== WHAT YOU ARE ASKED TO DO ==
Using the listing below, set down exactly the lines from the one that contains "Blocchetto di avviamento" through the one that contains "选择界面左上方工具栏中的白平", with no pictures.

== RECORDS PROVIDED ==

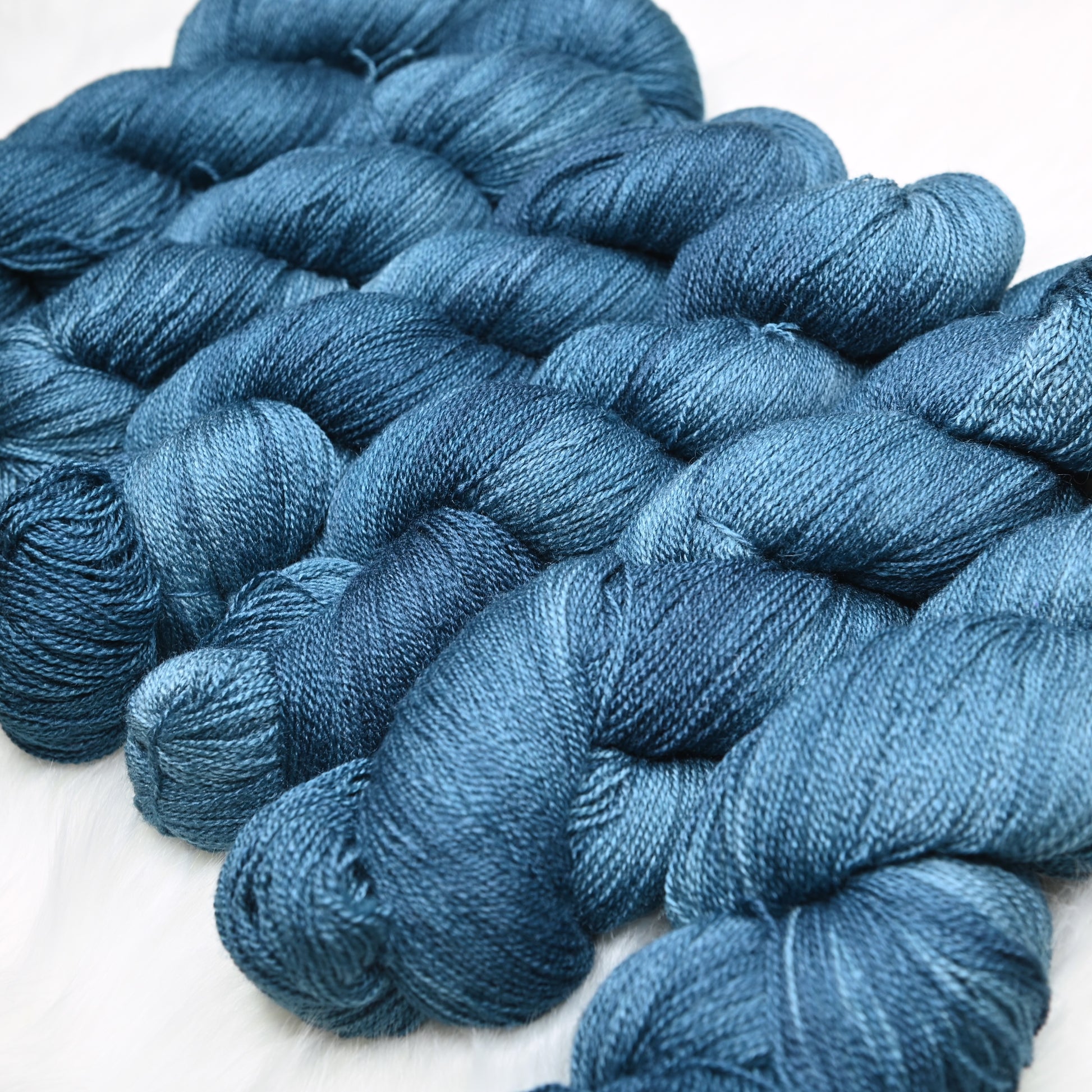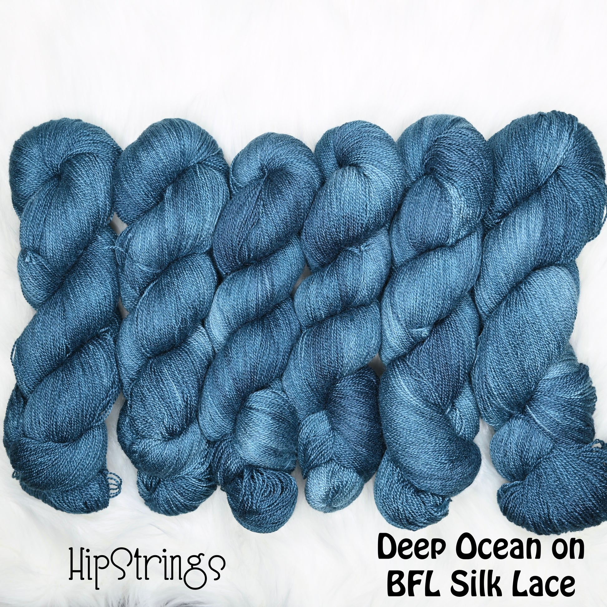 Deep Ocean on Hand Dyed SW BFL Wool Silk Lace Yarn - 100g
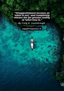 83)  ”Disappointment focuses on ‘what is not,’ and completely misses the far greater reality of ‘what now is.”
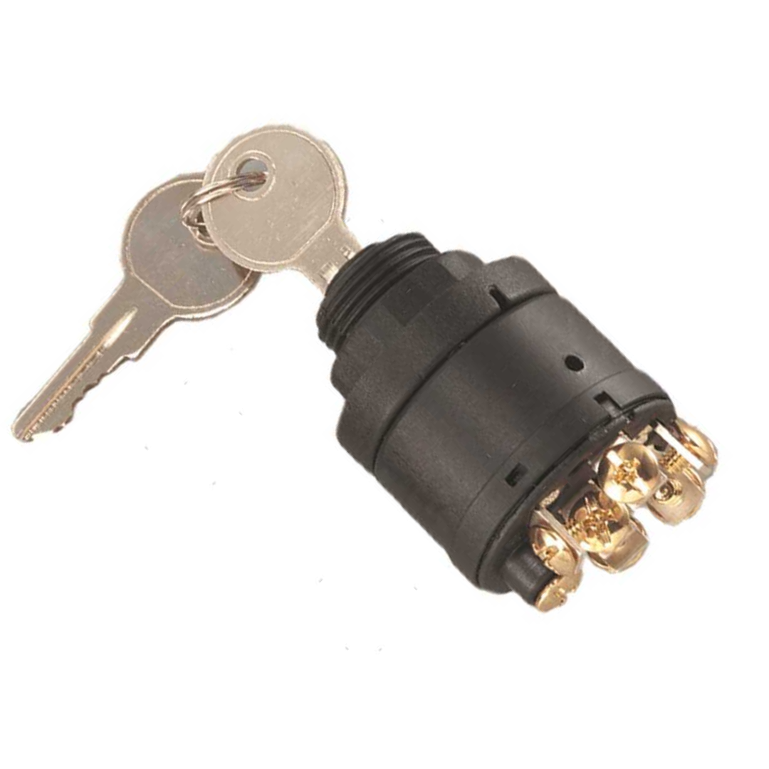 Blocchetto di avviamento per motori a benzina. Impermeabile per installazioni marine. Completo di cappuccio esterno in gomma e coppia di chiavi uguali. 4 posizioni (servizi - OFF - .ACC - START), 7 terminali di collegamento.
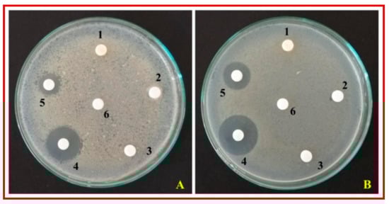 Antibacterial activity of ZnO-NPs green synthesized using C. verum hexane extract. (A): E. coli; (B): S. aureus; 1: C. verum hexane extract; 2: Hexane; 3: Hexane + zinc nitrate hexahydrate; 4: Streptomycin; 5: ZnO-NPs; 6: Sterile distilled water.
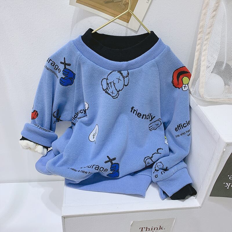 子供用ボトミングシャツ2020ジャケット付きの新しい秋冬服、男の子のエインスタイル、子供と子供、ベルベットのパッド入りプルオーバー オータム 秋物 ウィンター 冬物 SNSで話題 KIDS男の子 KIDS女の子 韓国ファッション 男の子ママ 女の子ママ 海外キッズファッション 親子コーデ 今日の服 プチプラ mi0667311559097
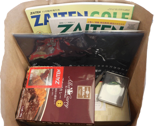 T.S様からはパターマット、ZAITEN130冊、バーディトーリ ポロシャツ(白・みず色・緑)、バーディトーリ帽子(白・黒・青)、タンブラー、商品券15,000円分と沢山の賞品を頂きました。いつもありがとうございます。
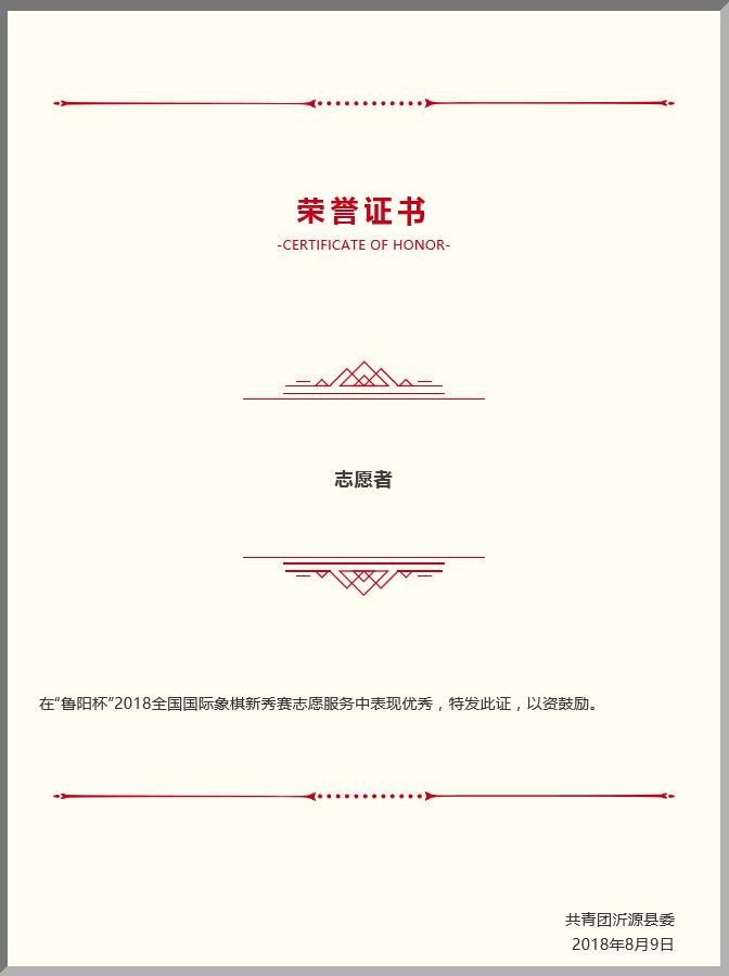 2018年8月5日至9日,“鲁阳杯”2018全国国际象棋新秀赛在沂源举行。为了更好地服务本次全国性的赛事,沂源团县委组织招募了志愿者20名。在此次赛事中,志愿者展现自我,服务本次比赛,全面的展现出了沂源人民的热情与风采。
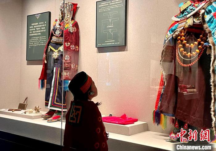 圖為穿著扎達傳統服飾的次仁央宗在參觀阿里博物館。拉巴卓瑪 攝
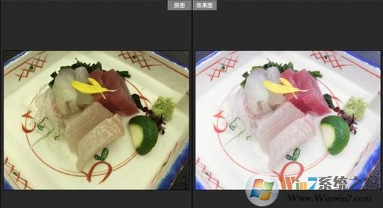 选择界面左上方工具栏中的白平衡工具——形状是一个滴管。然后在画面的白色处,比如盘子上单击点选,软件会根据此处为基准来校准色温,你会看到照片的颜色会发生变化。
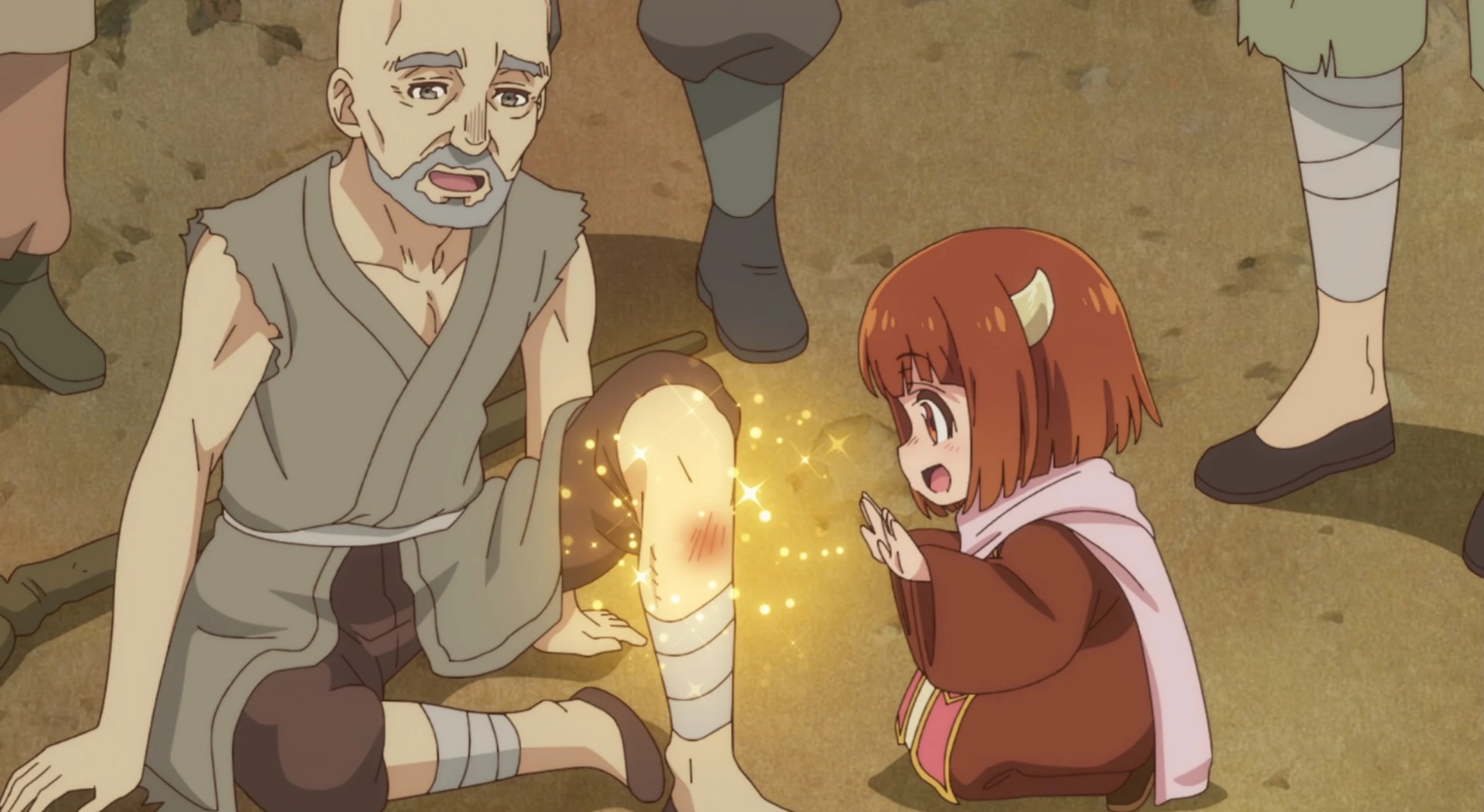 Each episode of The Demon King’s Daughter is Too Kind!! follows a basic formula. First, either Ahriman or Jahi gives Doux an evil task. But then, Doux takes the evil task and flips it on its head. What was once a wicked plan instead transforms into a heartfelt act of charity and, in a couple of cases, heroism! So whenever Doux shows up in the areas her father has conquered, she’s never met with fearful stares or citizens trembling in their boots; she’s met with smiles and hugs!

== SOLUTION FOR THIS TASK ==
 Blocchetto di avviamento per motori a benzina. Impermeabile per installazioni marine. Completo di cappuccio esterno in gomma e coppia di chiavi uguali. 4 posizioni (servizi - OFF - .ACC - START), 7 terminali di collegamento.
 Antibacterial activity of ZnO-NPs green synthesized using C. verum hexane extract. (A): E. coli; (B): S. aureus; 1: C. verum hexane extract; 2: Hexane; 3: Hexane + zinc nitrate hexahydrate; 4: Streptomycin; 5: ZnO-NPs; 6: Sterile distilled water.
 子供用ボトミングシャツ2020ジャケット付きの新しい秋冬服、男の子のエインスタイル、子供と子供、ベルベットのパッド入りプルオーバー オータム 秋物 ウィンター 冬物 SNSで話題 KIDS男の子 KIDS女の子 韓国ファッション 男の子ママ 女の子ママ 海外キッズファッション 親子コーデ 今日の服 プチプラ mi0667311559097
 T.S様からはパターマット、ZAITEN130冊、バーディトーリ ポロシャツ(白・みず色・緑)、バーディトーリ帽子(白・黒・青)、タンブラー、商品券15,000円分と沢山の賞品を頂きました。いつもありがとうございます。
 2018年8月5日至9日,“鲁阳杯”2018全国国际象棋新秀赛在沂源举行。为了更好地服务本次全国性的赛事,沂源团县委组织招募了志愿者20名。在此次赛事中,志愿者展现自我,服务本次比赛,全面的展现出了沂源人民的热情与风采。
 圖為穿著扎達傳統服飾的次仁央宗在參觀阿里博物館。拉巴卓瑪 攝
 选择界面左上方工具栏中的白平衡工具——形状是一个滴管。然后在画面的白色处,比如盘子上单击点选,软件会根据此处为基准来校准色温,你会看到照片的颜色会发生变化。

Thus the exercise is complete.